On Oct 12, 2012, at 11:09 PM, Chris Newcombe <chris...@xxxxxxxxx> wrote:

I'm trying to use TLC to check liveness properties for the first time.

I'm using a state-constraint with TLC, as I described in a previous message: https://groups.google.com/d/msg/tlaplus/nfd1H-tZbe8/eCV3DNKZOicJ

My liveness property is a simple leads-to formula:

Liveness == \A id \in Ids : MyProperty(id) ~> SomeOtherProperty(id)

TLC finds counter-examples in which the (temporal) antecedent is satisfied (for some id in some state), but the consequent is never satisfied because the behavior generated by TLC is artificially truncated -- i.e. ends with infinite stuttering -- because of the state-constraint.

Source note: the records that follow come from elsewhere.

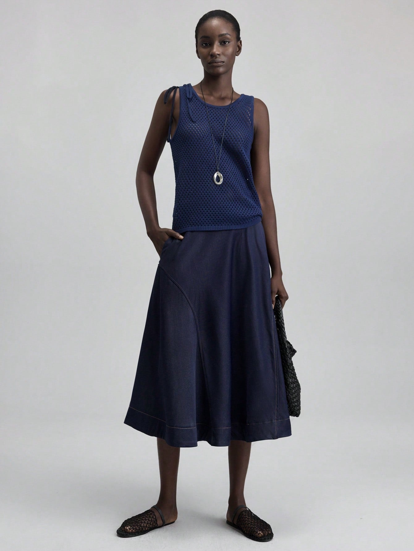 تنورة نسائية صيفية متوسطة الطول بجيوب بلون سادة من Ontre 2025
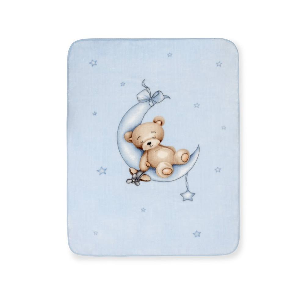 MANTA RASCHEL - MODELO OSO LUNA ESTRELLAS - Peluche Azul con Diseño de Dibujos Animados y Técnica No Tejida
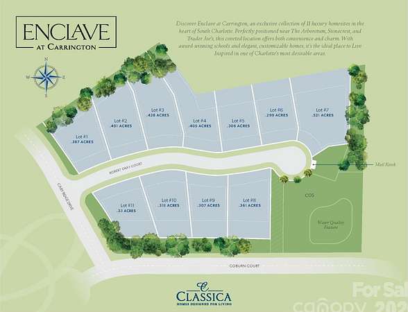 Discover South Charlotte's newest luxury community - Enclave at Carrington! Enclave at Carrington is an exclusive community featuring 11 premium homesites in one of South Charlotte's most desirable locations. Enclave at Carrington blends serenity and convenience, offering a rare opportunity to build your dream home in a quiet, private setting while staying close to everything you love about South Charlotte - world-class shopping, fine dining, miles of greenway trails, and beautiful parks. Minutes from Stonecrest, Ballantyne, SouthPark, Arboretum, Waverly, and Rea Farms!
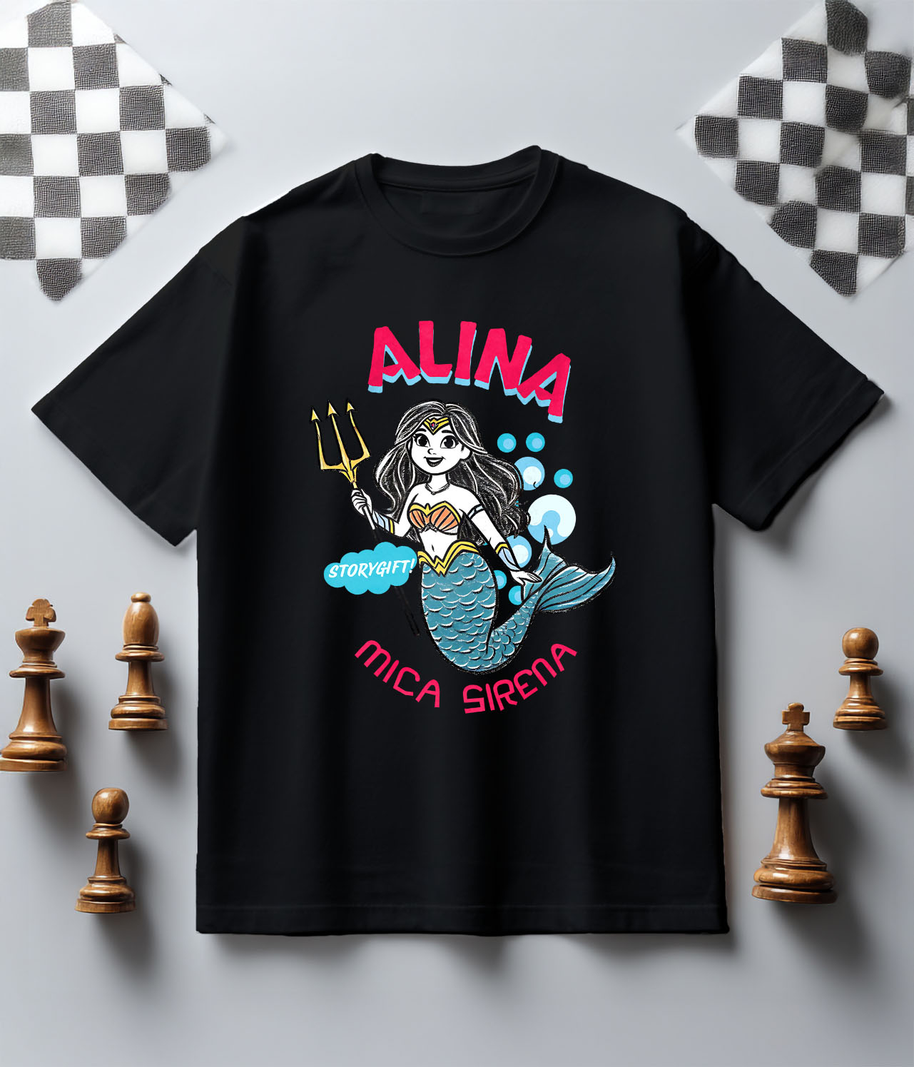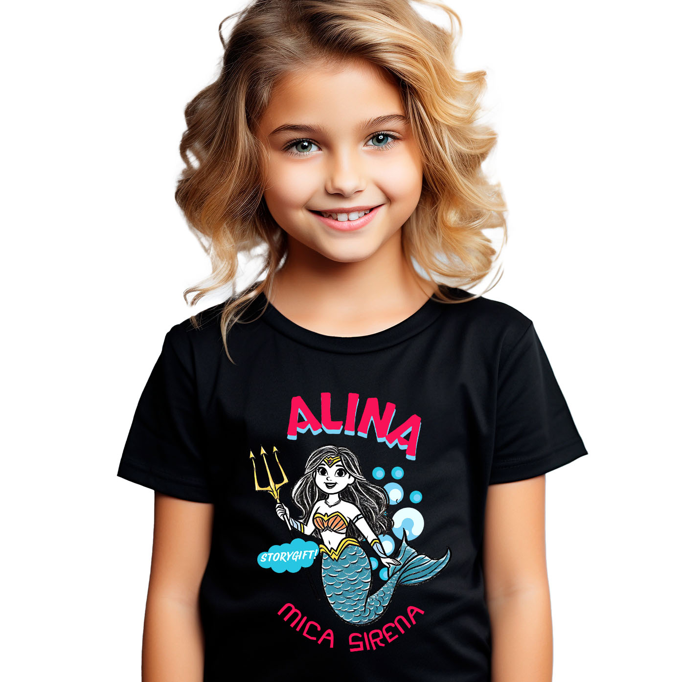 Tricou Copii cu Sirena De Mare Regina Cu Trident, Desene Animate, Lumea Basmelor cu imprimeu pe Fata, 100% Bumbac, Negru, 10 Ani
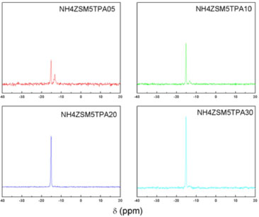 ![]() Figure 1. 31P MAS-NMR spectra of NH4ZSM5TPA05, NH4ZSM5TPA10, NH4ZSM5TPA20, and NH4ZSM5TPA30 samples
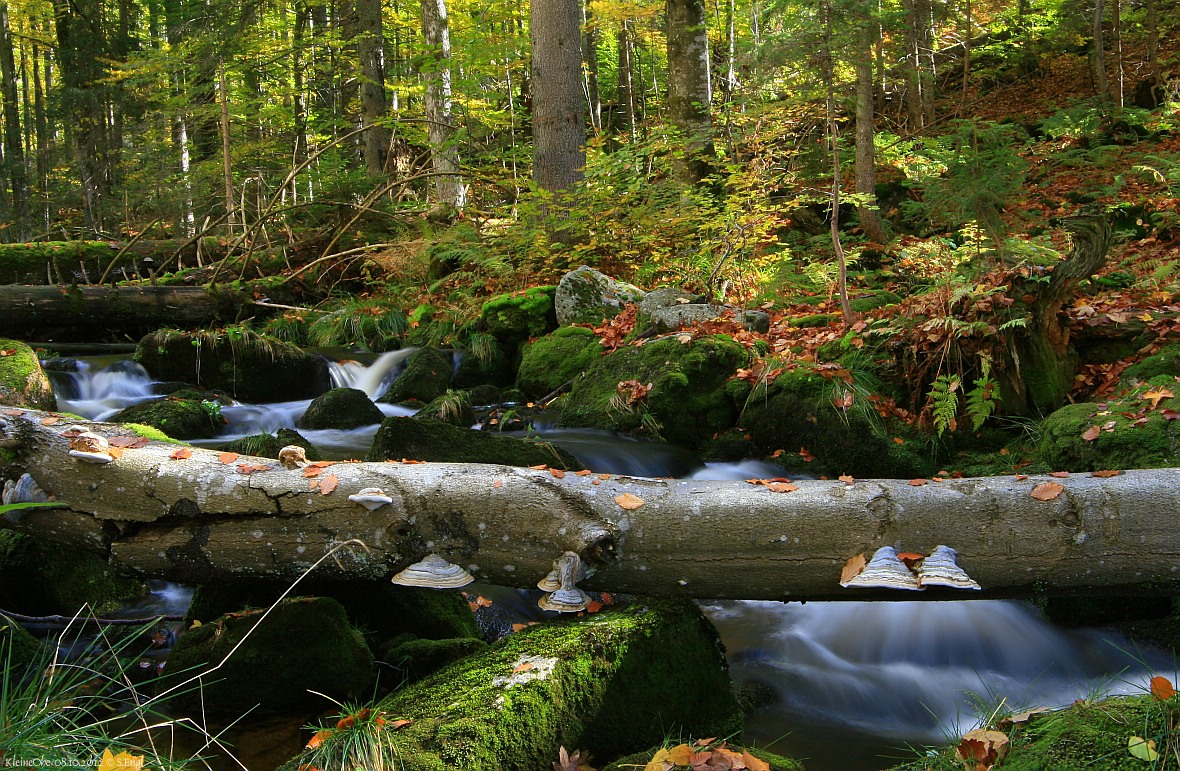 Ein mit "Stockschwammer" (Baumpilze) besetzter Baumstamm über der Kleinen Ohe
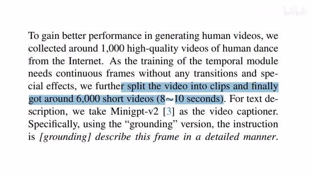 再来看阿里巴巴dream moving,我们在周报中有介绍过这个可控视频生成框架和dream moving针对以人类为中心的内容生成,根据人物的身份和动作序列来生成高质量定制化的人类跳舞的视频。dream moving基于stable diffusion模型打造,团队从互联网收集了一千段高质量人类舞蹈视频,并分割成大约六千段时长在八到十秒钟的不包含转场和特效的短视频来进行训练。模型使用video control net来控制动作,使用cotta guider来保持人物身份,也就是人脸和衣着的一致。当输入是文本提示词的时候,dream moving可以按照要求生成动态的人物和背景。
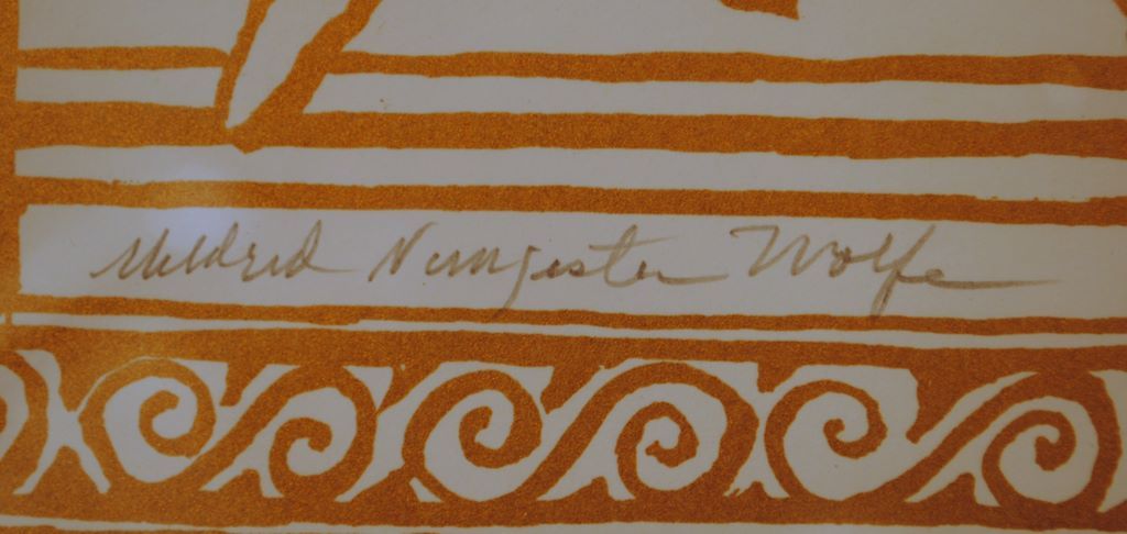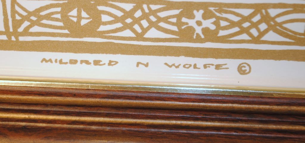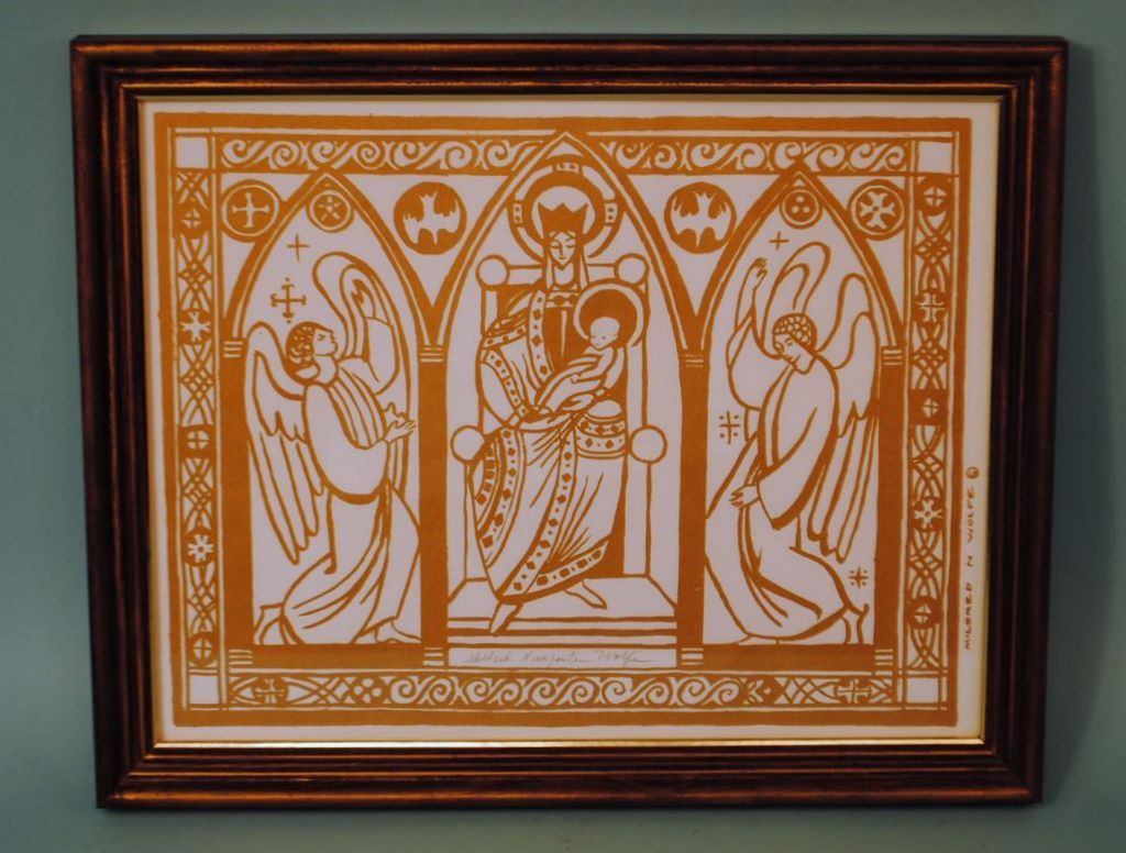 Mildred Nungester Wolfe (1912-2009), Jackson, Mississippi, gilt triptych block print of the Madonna and Child flanked by angels, 11" x 14", 12 1/2" x 15 1/2" framed, fully signed in pencil lower center. Collection of Leigh Barrett Latimer Mildred Nungester Wolfe (1912-2009), Jackson, Mississippi, gilt triptych block print of the Madonna and Child flanked by angels, 11" x 14", 12 1/2" x 15 1/2" framed, fully signed in pencil lower center. Collection of Leigh Barrett Latimer
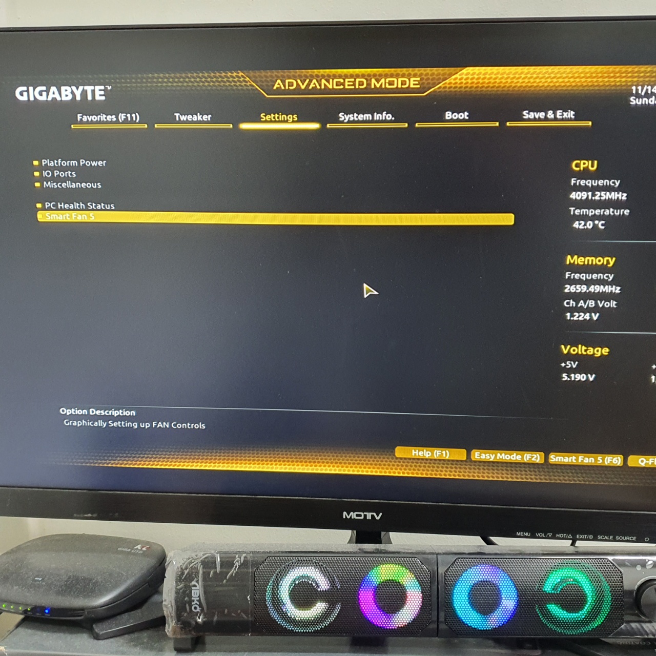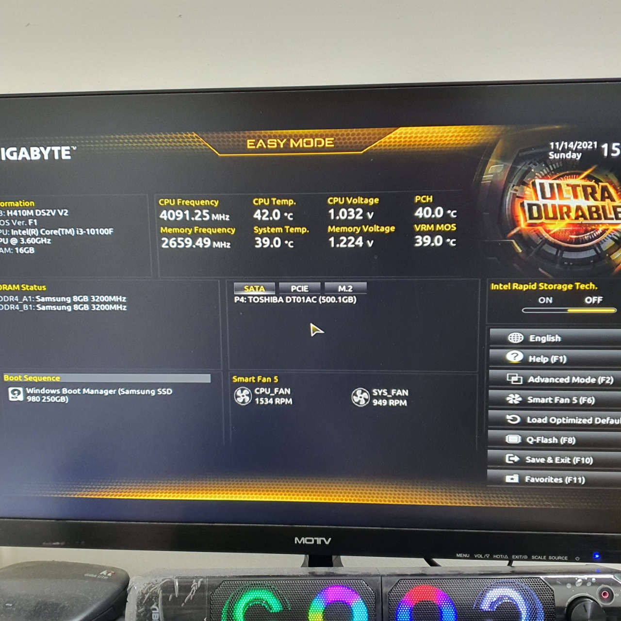 바이오스 진입시 첫 화면은 EASY MODE로 진입되어 F2버튼을 눌러 고급설정 화면으로 이동할 수 있다

As the counter-example ends in infinite stuttering, I tried weakening the liveness property to allow that:

HenceforthStuttering == [] UNCHANGED AllVars  \* all future steps don't change any variables
Liveness == \A id \in Ids : MyProperty(id) ~> (\/ SomeOtherProperty(id)
\/ HenceforthStuttering)

But that's not valid TLA+ because the definition of HenceforthStuttering is not a legal TLA+ formula.  The toolbox says:

Parse error: [] followed by action not of the form [A]_v

So I tried:

HenceforthStuttering == [][UNCHANGED AllVars]_AllVars \* all future steps don't change any variables

That parses, but TLC now fails immediately with:

Temporal formulas containing actions must be of forms <>[]A or []<>A.

What am I missing?  I did wonder if, rather than weakening the liveness property, there might be a way to change the state-constraint such that it wouldn't cause the liveness property to be artificially violated.  But I don't currently see how to do that.